On May 3, 2011, the Company entered into an asset management agreement with LM. The Company is charged an asset management fee of 1% of their consolidated gross revenues. Asset management fees incurred to LM amounted to $409,084 for the year ended June 30, 2014, $398,898 for the year ended June 30, 2013, and $385,123 for the year ended June 30, 2012, of which $272,763, $63,826, and $32,064 were unpaid at June 30, 2014, 2013, and 2012, respectively, and is included in due to related party in the accompanying balance sheet. Asset management fees are included in management fees in the accompanying statement of operations.

Effective August 1, 2011, LM leased office space from the Company. The term of the agreement is for five years expiring July 31, 2016. The total amount of rental income earned for the years ended June 30, 2014, 2013, and 2012 amounted to $203,916 for all three years.

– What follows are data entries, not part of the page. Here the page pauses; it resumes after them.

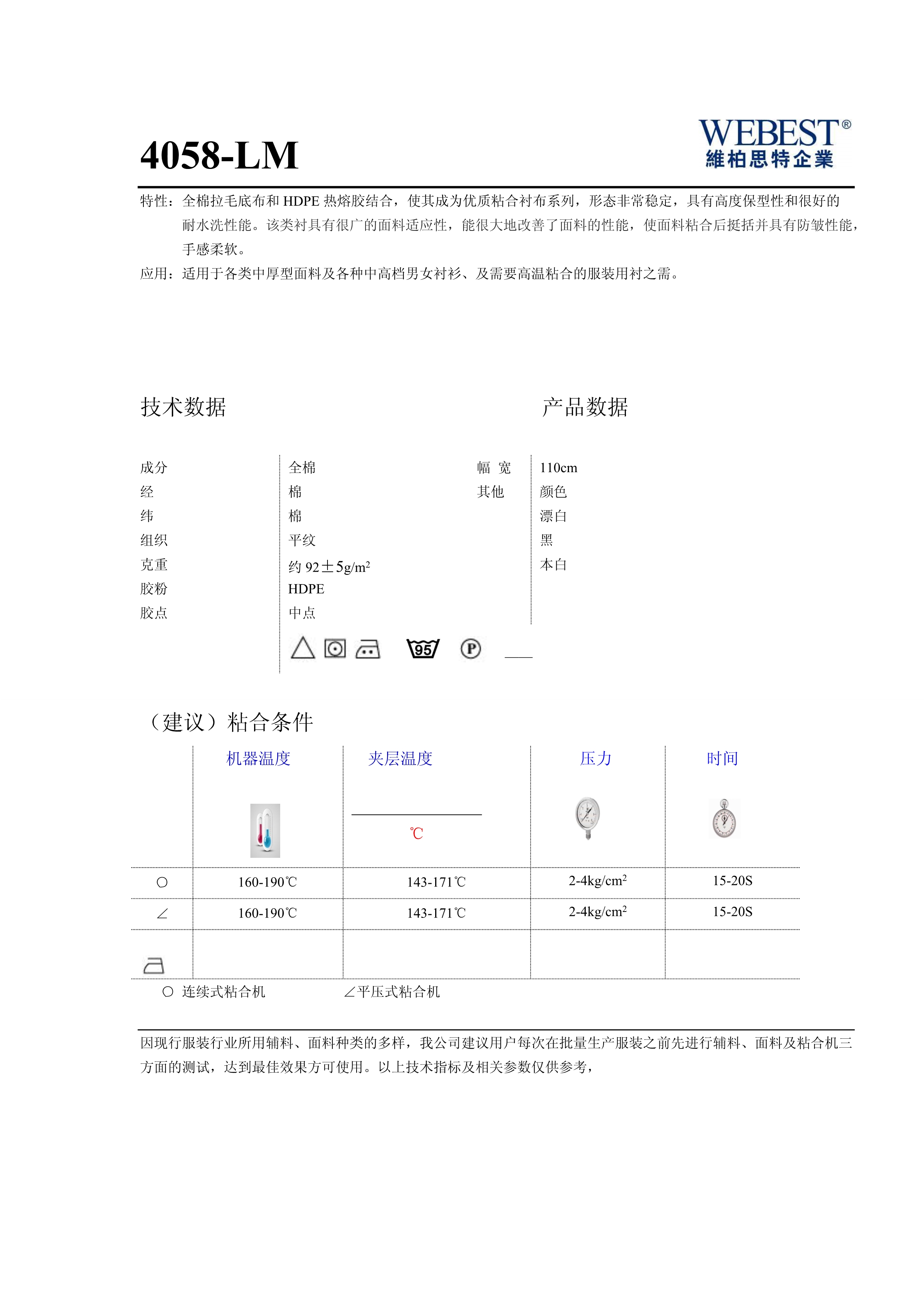 | 4058-LM | 92±5% | 全棉 | 平紋 | 110 | 黑,本白 | |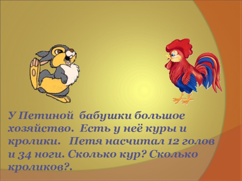 Петя насчитал 12 голов и 34 ноги. Сколько кур? Сколько кроликов?.
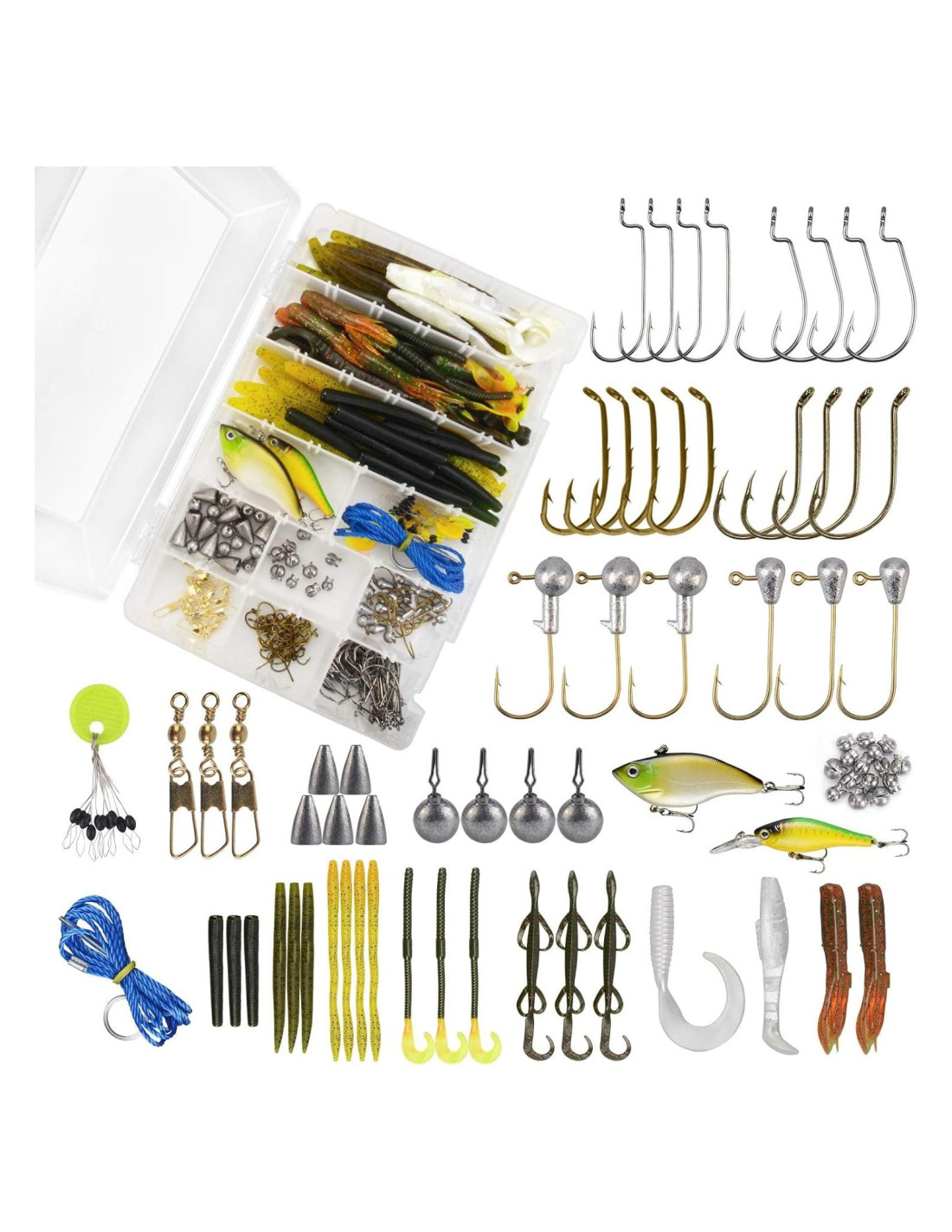 - Kit de Pesca de Bass - El kit de señuelos de pesca de MadBite para Bass incluye 187 piezas del equipo de pesca que necesitas para atrapar bass, excepto una caña de pescar y un carrete. Encontrarás una amplia variedad de anzuelos para bass en diferentes estilos y tamaños, Jigs de Bass, todos los estilos de pesas y plomos, artículos de accesorios terminales como giratorios y clips. También hay una amplia variedad de plásticos suaves como lombrices, cebos de criatura, jigs de tubo y más. También se incluye un crankbait de buceo medio y un crankbait sin labio.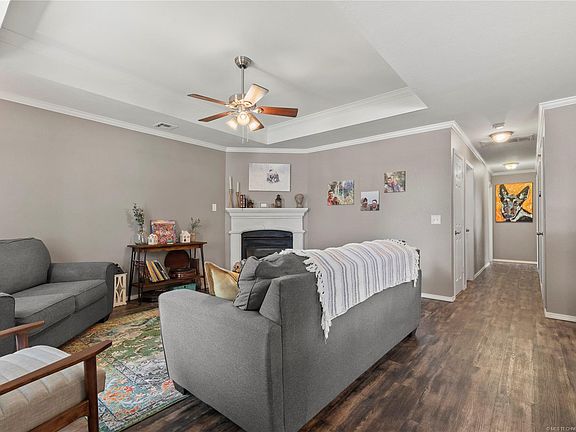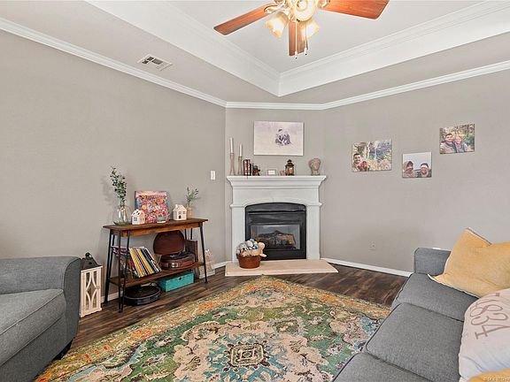 Beautiful home with many updates including, flooring throughout, Quartz countertops in kitchen, backsplash, cabinets have been painted, dishwasher and stove in 2018, kitchen faucet/sink. Updated Air Conditioning in March 2022. Primary bedroom has two closets, private bath with double sinks. Private patio off the primary bedroom. Living room features a cozy fireplace. Back yard has privacy fence with lots of room to play. More pictures coming soon!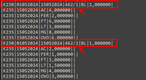 Os dois apontamentos da ordem de produção 462. Veja que na montagem desse registro, a cada apontamento da mesma ordem de produção é colocado uma barra e a sequência de apontamentos, ficando: 462/1 e 462/2.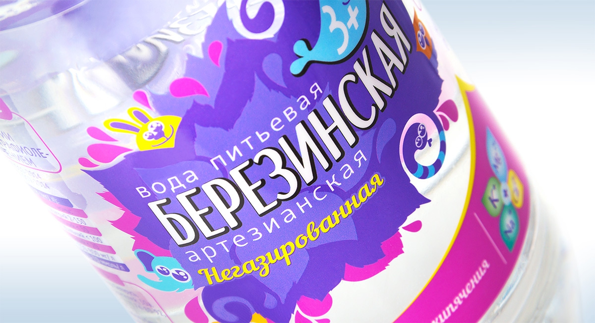 Особое внимание креаторы уделили детской питьевой воде, выполнив плашку в достаточно редкой для данной продуктовой категории палитре. Яркие цвета, озорные зверушки, которые спрятались в «березовой кроне» центрального элемента, делают бутылку очень привлекательной для ребятишек и их родителей.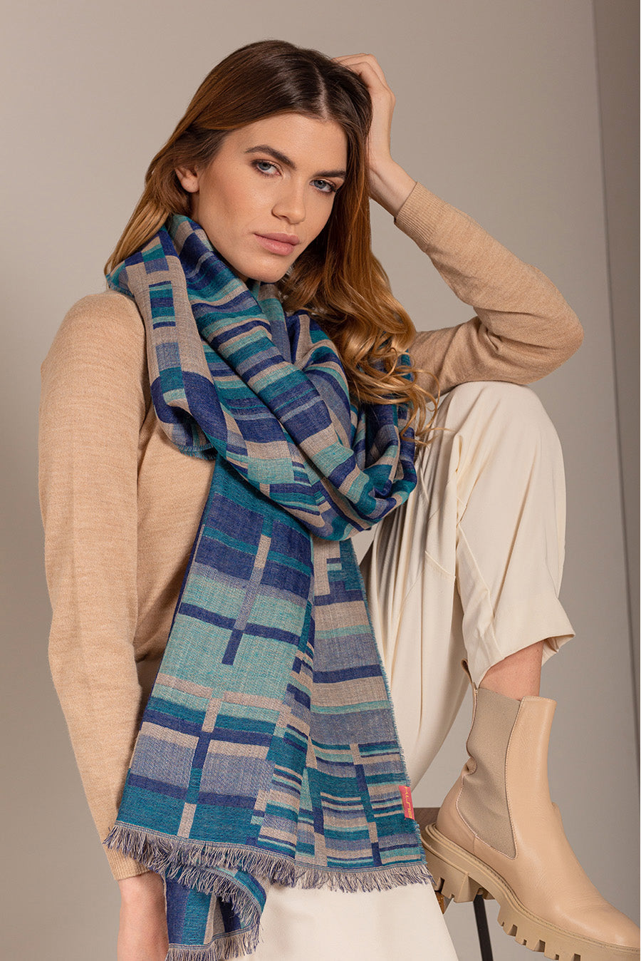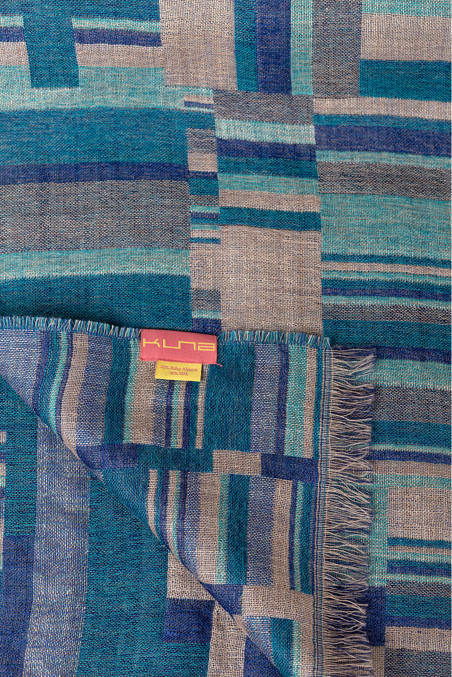 Made of baby alpaca and silk, our Up shawl is soft and light. The jacquard design and bright colours make it a must-have accessory for cold days.

Balances with related companies are as follows:

   
2014
   
2013
 
Due from related party:
           
  Lipstick Management LLC
  $ 120,274     $ 120,274  

The above amount represents expenses paid by the Company on behalf of LM, which will be reimbursed by LM.

   
2014
   
2013
 
Due to related party:
           
   IRSA International, LLC
  $ (39,979 )   $ (39,979 )
   Lipstick Management LLC
    (272,763 )     (63,826 )
   IRSA Inversiones y Representaciones
               
       Sociedad Anonima
 
(240,874)
   
(241,507)
 
    $ (553,616 )   $ (345,312 )

The above amounts for IRSA International, LLC and IRSA Inversiones y Representaciones Sociedad Anonima represent expenses paid by these related companies on behalf of the Company, which will be reimbursed by the Company.

NOTE 9:
PROPERTY MANAGEMENT

On December 30, 2010, a property management agreement was entered into with a third party. The term of the property management agreement will continue on a month-to-month basis. The Company is charged a monthly property management fee of approximately $22,917. The total property management fee for the years ended June 30, 2014, 2013, and 2012, included in management fees in the accompanying statement of operations, amounted to $275,000 of which $0 is unpaid as of June 30, 2014 and 2013, and $22,917 was unpaid as of June 30, 2012.
 
 
F-284

 
New Lipstick LLC and Subsidiary
(A Limited Liability Company)

Notes to Consolidated Financial Statements
June 30, 2014, 2013 and 2012
(Amounts in US dollars)
 
NOTE 10:
LITIGATION

The Company is party to certain legal proceedings arising out of the normal conduct of business. While the ultimate results of those proceedings against the Company cannot be predicted with certainty, management believes that the resolution of these matters will not have a material adverse effect on the financial condition, results of operations or cash flows of the Company.

NOTE 11:
NEW YORK STATE TAX AUDIT

As successor for Metropolitan 885 Third Avenue LLC, the Company’s income tax returns for its tax years commencing January 1, 2009 through December 31, 2010 have been selected by the New York State Department of Taxation and Finance for audit. Such audit is in its preliminary stage. At this time, the Company has not been advised of any proposed changes to its New York State income tax returns filed for the tax years January 1, 2009 through December 31, 2010.